In equitable distribution actions, the trial court must conduct a three-pronged analysis: “(1) identify the property as either marital, divisible, or separate property after conducting appropriate findings of fact; (2) determine the net value of the marital property as of the date of the separation; and (3) equitably distribute the marital and divisible property.” Mugno v. Mugno, 205 N.C.App. 273, 277, 695 S.E.2d 495, 498 (2010).
Moreover, a trial court must “make written findings of fact that support the determination that the marital property and divisible property has been equitably divided.” N.C. Gen.Stat. § 50–20(j) (2013). Findings of fact can be “ultimate” or “evidentiary” in nature. Smith v. Smith, 336 N.C. 575, 579, 444 S.E.2d 420, 422–23 (1994) (citation and quotation marks omitted). “Ultimate facts are the final facts required to establish the plaintiff’s cause of action or the defendant’s defense; and evidentiary facts are those subsidiary facts required to prove ultimate facts.” Id. (citation and quotation marks omitted). A trial court’s order
does not require a recitation of the evidentiary and subsidiary facts required to prove the ultimate facts[.][I]t does require specific findings of the ultimate facts established by the evidence, admissions and stipulations which are determinative of the questions involved in the action and essential to support the conclusions of law reached.
Williamson v. Williamson, 140 N.C.App. 362, 364, 536 S.E.2d 337, 338–39 (2000) (citation and quotation marks omitted).

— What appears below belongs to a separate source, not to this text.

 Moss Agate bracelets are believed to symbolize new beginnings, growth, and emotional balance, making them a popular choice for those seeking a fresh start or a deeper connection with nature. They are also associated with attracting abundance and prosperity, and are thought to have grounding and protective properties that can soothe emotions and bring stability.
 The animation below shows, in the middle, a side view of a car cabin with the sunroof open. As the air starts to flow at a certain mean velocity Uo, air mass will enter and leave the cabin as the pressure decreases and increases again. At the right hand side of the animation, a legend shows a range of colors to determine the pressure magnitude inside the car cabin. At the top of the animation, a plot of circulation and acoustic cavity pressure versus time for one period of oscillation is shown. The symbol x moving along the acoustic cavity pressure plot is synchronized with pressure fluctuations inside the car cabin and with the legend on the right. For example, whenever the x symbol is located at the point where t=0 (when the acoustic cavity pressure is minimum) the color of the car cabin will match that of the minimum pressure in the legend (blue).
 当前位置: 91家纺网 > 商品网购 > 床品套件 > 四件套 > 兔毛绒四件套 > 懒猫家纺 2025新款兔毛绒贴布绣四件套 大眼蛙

Here, the “ultimate” facts are facts that address the requirements of the three-pronged analysis: identification of the property as marital, divisible, or separate, a determination of the date of separation value of the property, and a determination of the distribution of the property. The “evidentiary” facts are facts upon which the “ultimate” facts regarding classification, value, and distribution are based.
The equitable distribution order in this case appropriately contains both “ultimate” and “evidentiary” findings necessary for us to review whether the property was equitably divided. Accordingly, defendant’s argument fails because the equitable distribution judgment is not “fatally defective.” See Quick v. Quick, 305 N.C. 446, 451, 290 S.E.2d 653, 657 (1982) (“[P]roper finding of facts requires a specific statement of the facts on which the rights of the parties are to be determined, and those findings must be sufficiently specific to enable an appellate court to review the decision and test the correctness of the judgment.”).

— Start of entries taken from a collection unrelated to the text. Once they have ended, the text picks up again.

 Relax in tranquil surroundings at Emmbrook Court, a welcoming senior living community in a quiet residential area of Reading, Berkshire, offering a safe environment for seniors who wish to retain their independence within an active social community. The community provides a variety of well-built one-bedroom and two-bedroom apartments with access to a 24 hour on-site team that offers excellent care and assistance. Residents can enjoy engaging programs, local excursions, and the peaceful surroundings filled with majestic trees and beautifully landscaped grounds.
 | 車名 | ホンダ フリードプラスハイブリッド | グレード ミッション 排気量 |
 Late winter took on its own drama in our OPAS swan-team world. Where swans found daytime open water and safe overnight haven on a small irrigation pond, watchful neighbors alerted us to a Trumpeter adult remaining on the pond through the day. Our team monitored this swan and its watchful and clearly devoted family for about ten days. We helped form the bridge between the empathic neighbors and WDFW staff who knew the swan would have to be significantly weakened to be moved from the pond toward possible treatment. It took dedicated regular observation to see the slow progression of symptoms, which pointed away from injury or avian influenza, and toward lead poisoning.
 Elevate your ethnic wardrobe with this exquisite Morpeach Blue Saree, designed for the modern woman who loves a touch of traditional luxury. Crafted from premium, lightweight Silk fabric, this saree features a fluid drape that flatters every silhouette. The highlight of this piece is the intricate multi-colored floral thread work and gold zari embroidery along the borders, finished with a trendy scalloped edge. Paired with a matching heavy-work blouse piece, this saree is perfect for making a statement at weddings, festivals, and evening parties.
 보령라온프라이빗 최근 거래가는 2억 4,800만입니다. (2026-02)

Issue # 2: 2009 Ford Expedition
Defendant argues that the trial court’s finding of fact # 12 that the 2009 Ford Expedition had a net value of $11,890 was not supported by competent evidence. While we agree with defendant, he has failed to establish any prejudicial error.
“In reviewing a trial judge’s findings of fact, we are ‘strictly limited to determining
[771 S.E.2d 609]
whether the trial judge’s underlying findings of fact are supported by competent evidence, in which event they are conclusively binding on appeal, and whether those factual findings in turn support the judge’s ultimate conclusions of law.’ ” State v. Williams, 362 N.C. 628, 632, 669 S.E.2d 290, 294 (2008) (quoting State v. Cooke, 306 N.C. 132, 134, 291 S.E.2d 618, 619 (1982) ); see also Sisk v. Transylvania Cmty. Hosp., Inc., 364 N.C. 172, 179, 695 S.E.2d 429, 434 (2010) (“ ‘[F]indings of fact made by the trial judge are conclusive on appeal if supported by competent evidence, even if … there is evidence to the contrary.’ ” (quoting Tillman v. Commercial Credit Loans, Inc., 362 N.C. 93, 100–01, 655 S.E.2d 362, 369 (2008) )).
Stipulations are judicial admissions and are binding upon the parties absent well-established exceptions not relevant to the present case. Quesinberry v. Quesinberry, 210 N.C.App. 578, 582, 709 S.E.2d 367, 371 (2011). “A stipulated fact is not for the consideration of the jury, and the jury may not decide such fact contrary to the parties’ stipulation.” Smith v. Beasley, 298 N.C. 798, 801, 259 S.E.2d 907, 909 (1979). In a non-jury trial, a trial court “acts as both judge and jury, thus resolving any conflicts in the evidence.” Matter of Oghenekevebe, 123 N.C.App. 434, 439, 473 S.E.2d 393, 397 (1996).
During the marriage, the parties acquired a 2009 Ford Expedition. The trial court classified the vehicle as marital property. In the Final pretrial Order, the parties stipulated that the vehicle should be distributed to defendant. The trial court was also bound by the parties’ stipulation that the loan balance on the vehicle was $21,235.05. Instead, the trial court’s loan balance value in its order is $19,560. The trial court calculated the vehicle’s net value of $11,890 to be distributed to defendant by taking the date of separation value of $31,450 (Kelley Blue Book value presented by plaintiff) less the unstipulated loan amount of $19,560. Had the stipulated loan amount been used in the calculation, the net value to be distributed to defendant for the vehicle would have been $10,214.95, resulting in a difference of $1,675.05.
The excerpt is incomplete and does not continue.